> _Work instructions_: Of the entries below, return exactly those lines that fall between the one containing "(奥から原・経団連常務理事、清水部会長、篠原上席 研究員)" and the one containing "ଅଧିକ ବିବରଣୀ ପାଇଁ", the two end lines included.

== Source records ==

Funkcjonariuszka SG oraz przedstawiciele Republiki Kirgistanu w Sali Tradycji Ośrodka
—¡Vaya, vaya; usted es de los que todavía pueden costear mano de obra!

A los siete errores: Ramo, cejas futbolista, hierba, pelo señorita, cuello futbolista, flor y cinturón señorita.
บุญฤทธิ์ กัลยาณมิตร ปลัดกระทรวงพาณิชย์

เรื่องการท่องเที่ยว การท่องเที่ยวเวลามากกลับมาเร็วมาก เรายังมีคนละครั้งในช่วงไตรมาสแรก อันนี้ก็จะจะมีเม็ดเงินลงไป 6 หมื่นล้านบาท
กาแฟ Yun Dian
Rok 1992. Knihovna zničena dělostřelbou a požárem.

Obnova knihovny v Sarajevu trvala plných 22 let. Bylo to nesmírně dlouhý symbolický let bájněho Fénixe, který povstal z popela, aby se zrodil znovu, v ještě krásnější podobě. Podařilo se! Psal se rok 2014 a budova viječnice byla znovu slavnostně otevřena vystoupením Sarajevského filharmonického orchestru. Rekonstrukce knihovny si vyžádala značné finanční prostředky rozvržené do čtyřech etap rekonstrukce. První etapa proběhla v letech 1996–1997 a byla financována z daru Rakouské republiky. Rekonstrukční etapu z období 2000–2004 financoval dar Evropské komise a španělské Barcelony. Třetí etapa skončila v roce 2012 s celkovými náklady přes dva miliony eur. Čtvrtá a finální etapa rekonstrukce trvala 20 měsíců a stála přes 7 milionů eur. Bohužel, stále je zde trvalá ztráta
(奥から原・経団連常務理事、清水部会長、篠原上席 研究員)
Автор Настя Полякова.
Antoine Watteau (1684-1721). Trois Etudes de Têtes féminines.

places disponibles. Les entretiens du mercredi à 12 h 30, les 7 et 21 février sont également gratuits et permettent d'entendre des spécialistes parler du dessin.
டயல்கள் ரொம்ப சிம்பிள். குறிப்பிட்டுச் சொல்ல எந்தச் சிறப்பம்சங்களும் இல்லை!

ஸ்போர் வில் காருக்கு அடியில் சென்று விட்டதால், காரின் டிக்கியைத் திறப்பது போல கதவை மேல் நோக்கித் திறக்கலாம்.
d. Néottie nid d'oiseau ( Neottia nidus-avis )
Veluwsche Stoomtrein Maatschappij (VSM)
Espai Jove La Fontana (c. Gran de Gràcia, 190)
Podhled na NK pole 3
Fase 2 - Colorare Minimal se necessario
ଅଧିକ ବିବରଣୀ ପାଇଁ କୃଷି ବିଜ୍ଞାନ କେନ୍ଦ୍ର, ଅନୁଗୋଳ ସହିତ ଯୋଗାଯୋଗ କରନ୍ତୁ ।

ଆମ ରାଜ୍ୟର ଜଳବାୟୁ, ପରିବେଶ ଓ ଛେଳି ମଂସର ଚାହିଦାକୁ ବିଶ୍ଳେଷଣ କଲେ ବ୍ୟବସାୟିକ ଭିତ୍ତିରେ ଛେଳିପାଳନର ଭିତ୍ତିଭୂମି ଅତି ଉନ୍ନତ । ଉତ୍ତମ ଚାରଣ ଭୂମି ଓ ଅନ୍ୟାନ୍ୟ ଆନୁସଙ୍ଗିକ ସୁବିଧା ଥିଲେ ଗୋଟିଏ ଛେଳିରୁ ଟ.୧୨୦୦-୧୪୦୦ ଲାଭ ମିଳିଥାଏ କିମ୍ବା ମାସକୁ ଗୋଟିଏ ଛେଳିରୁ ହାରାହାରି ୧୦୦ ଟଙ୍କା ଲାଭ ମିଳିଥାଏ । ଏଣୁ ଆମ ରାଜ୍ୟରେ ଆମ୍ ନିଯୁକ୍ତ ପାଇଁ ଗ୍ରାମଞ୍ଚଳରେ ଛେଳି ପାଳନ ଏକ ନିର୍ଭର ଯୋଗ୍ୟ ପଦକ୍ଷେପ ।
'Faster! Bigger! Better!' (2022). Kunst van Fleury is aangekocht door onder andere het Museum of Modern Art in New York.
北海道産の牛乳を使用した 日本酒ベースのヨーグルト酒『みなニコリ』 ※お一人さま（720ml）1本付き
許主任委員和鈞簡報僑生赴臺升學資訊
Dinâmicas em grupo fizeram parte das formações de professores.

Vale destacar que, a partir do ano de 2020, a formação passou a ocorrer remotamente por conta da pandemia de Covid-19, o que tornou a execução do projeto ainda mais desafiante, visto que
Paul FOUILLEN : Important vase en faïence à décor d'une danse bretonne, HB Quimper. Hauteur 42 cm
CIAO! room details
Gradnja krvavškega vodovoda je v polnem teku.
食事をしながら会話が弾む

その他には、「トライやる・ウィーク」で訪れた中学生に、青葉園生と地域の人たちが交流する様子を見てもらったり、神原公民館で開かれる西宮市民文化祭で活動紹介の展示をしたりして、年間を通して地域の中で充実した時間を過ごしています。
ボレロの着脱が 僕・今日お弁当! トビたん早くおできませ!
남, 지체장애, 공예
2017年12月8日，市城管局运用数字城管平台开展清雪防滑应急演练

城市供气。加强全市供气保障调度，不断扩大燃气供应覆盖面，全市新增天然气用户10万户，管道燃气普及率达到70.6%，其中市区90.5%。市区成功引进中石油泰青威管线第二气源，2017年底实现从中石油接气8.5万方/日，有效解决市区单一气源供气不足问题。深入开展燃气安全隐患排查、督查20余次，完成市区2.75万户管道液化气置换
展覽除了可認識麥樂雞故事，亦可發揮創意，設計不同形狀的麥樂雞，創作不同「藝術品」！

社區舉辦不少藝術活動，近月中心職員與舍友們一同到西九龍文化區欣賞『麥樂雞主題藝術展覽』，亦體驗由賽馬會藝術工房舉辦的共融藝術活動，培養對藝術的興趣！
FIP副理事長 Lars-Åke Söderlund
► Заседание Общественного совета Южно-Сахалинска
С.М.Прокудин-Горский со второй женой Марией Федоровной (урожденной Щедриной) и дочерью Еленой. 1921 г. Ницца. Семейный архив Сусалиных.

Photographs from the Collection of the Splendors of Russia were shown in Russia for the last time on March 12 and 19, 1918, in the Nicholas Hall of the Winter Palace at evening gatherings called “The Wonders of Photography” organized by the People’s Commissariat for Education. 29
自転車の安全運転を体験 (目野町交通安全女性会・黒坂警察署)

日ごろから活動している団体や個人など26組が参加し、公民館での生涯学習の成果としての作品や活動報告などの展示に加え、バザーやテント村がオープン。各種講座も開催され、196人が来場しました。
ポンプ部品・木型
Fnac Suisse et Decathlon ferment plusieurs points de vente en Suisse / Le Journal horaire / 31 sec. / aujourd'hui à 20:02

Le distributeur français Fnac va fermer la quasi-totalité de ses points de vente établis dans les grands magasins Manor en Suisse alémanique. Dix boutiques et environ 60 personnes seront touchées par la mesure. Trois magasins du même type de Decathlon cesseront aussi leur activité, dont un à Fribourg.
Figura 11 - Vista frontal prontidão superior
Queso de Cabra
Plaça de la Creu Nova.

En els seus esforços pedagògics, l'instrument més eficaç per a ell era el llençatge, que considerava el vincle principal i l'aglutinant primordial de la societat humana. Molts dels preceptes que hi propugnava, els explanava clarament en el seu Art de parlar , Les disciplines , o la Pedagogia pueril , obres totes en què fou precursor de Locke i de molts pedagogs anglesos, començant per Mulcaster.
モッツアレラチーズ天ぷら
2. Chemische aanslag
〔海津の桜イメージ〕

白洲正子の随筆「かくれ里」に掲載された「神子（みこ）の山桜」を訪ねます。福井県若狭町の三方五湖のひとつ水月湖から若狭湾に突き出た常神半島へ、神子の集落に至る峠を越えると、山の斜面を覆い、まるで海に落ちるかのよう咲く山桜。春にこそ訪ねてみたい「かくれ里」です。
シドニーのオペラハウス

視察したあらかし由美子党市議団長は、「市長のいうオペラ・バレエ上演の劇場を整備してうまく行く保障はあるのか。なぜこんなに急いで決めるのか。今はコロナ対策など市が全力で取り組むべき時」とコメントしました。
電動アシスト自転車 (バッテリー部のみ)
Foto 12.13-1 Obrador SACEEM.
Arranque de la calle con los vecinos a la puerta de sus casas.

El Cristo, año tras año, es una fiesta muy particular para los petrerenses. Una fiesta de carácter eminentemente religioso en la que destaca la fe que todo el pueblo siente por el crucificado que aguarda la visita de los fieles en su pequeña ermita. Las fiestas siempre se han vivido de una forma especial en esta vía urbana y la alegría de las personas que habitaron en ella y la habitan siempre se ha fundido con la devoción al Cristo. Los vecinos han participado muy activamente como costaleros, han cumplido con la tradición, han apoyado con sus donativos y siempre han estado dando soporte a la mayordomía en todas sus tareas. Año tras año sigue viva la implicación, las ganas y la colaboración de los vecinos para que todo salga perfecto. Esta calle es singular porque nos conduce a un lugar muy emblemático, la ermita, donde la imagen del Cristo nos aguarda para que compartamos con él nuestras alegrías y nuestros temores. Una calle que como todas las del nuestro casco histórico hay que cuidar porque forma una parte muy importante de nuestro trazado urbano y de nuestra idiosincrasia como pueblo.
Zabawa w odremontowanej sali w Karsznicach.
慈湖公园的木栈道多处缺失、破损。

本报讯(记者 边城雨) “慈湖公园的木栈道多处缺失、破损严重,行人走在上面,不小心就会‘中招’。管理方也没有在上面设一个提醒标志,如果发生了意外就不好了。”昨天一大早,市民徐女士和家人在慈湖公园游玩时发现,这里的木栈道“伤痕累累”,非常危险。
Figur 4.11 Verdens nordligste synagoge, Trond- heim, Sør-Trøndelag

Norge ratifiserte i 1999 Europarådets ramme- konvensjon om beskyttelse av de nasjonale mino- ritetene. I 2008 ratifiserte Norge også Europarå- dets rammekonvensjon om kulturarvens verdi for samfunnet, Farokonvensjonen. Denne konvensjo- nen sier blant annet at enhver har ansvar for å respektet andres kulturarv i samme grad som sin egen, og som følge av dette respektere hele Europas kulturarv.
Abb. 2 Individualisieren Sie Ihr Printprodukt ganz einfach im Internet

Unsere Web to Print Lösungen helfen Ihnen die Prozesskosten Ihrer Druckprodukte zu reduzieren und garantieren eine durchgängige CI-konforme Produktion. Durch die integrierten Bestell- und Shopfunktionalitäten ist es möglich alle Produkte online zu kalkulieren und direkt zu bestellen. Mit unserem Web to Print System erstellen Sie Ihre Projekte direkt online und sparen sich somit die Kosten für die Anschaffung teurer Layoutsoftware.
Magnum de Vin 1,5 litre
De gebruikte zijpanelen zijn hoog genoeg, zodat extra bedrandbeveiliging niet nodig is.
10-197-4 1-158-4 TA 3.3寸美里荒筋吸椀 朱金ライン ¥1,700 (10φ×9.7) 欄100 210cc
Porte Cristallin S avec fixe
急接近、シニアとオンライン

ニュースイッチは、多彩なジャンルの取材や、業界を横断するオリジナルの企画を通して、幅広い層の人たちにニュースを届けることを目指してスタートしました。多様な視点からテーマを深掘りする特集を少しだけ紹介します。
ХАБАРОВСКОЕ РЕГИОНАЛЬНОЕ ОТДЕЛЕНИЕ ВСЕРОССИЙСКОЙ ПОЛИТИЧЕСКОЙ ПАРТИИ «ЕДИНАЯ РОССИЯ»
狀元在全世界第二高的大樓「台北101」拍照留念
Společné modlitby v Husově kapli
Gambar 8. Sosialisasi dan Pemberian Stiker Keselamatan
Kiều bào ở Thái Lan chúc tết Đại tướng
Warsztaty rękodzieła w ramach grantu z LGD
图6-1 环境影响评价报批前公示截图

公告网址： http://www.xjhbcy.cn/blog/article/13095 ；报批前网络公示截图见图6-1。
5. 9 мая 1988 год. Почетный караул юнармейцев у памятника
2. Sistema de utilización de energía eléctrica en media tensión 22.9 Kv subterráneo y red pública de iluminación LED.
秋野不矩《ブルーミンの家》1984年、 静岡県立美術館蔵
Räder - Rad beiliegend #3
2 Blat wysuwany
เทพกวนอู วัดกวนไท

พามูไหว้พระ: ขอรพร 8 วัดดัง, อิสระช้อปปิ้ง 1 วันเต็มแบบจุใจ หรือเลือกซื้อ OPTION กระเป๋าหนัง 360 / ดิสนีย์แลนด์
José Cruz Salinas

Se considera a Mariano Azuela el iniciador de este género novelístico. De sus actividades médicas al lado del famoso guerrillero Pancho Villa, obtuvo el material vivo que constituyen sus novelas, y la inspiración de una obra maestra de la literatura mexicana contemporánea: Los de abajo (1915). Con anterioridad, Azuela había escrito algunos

===

> _Solution_:
(奥から原・経団連常務理事、清水部会長、篠原上席 研究員)
Автор Настя Полякова.
Antoine Watteau (1684-1721). Trois Etudes de Têtes féminines.

places disponibles. Les entretiens du mercredi à 12 h 30, les 7 et 21 février sont également gratuits et permettent d'entendre des spécialistes parler du dessin.
டயல்கள் ரொம்ப சிம்பிள். குறிப்பிட்டுச் சொல்ல எந்தச் சிறப்பம்சங்களும் இல்லை!

ஸ்போர் வில் காருக்கு அடியில் சென்று விட்டதால், காரின் டிக்கியைத் திறப்பது போல கதவை மேல் நோக்கித் திறக்கலாம்.
d. Néottie nid d'oiseau ( Neottia nidus-avis )
Veluwsche Stoomtrein Maatschappij (VSM)
Espai Jove La Fontana (c. Gran de Gràcia, 190)
Podhled na NK pole 3
Fase 2 - Colorare Minimal se necessario
ଅଧିକ ବିବରଣୀ ପାଇଁ କୃଷି ବିଜ୍ଞାନ କେନ୍ଦ୍ର, ଅନୁଗୋଳ ସହିତ ଯୋଗାଯୋଗ କରନ୍ତୁ ।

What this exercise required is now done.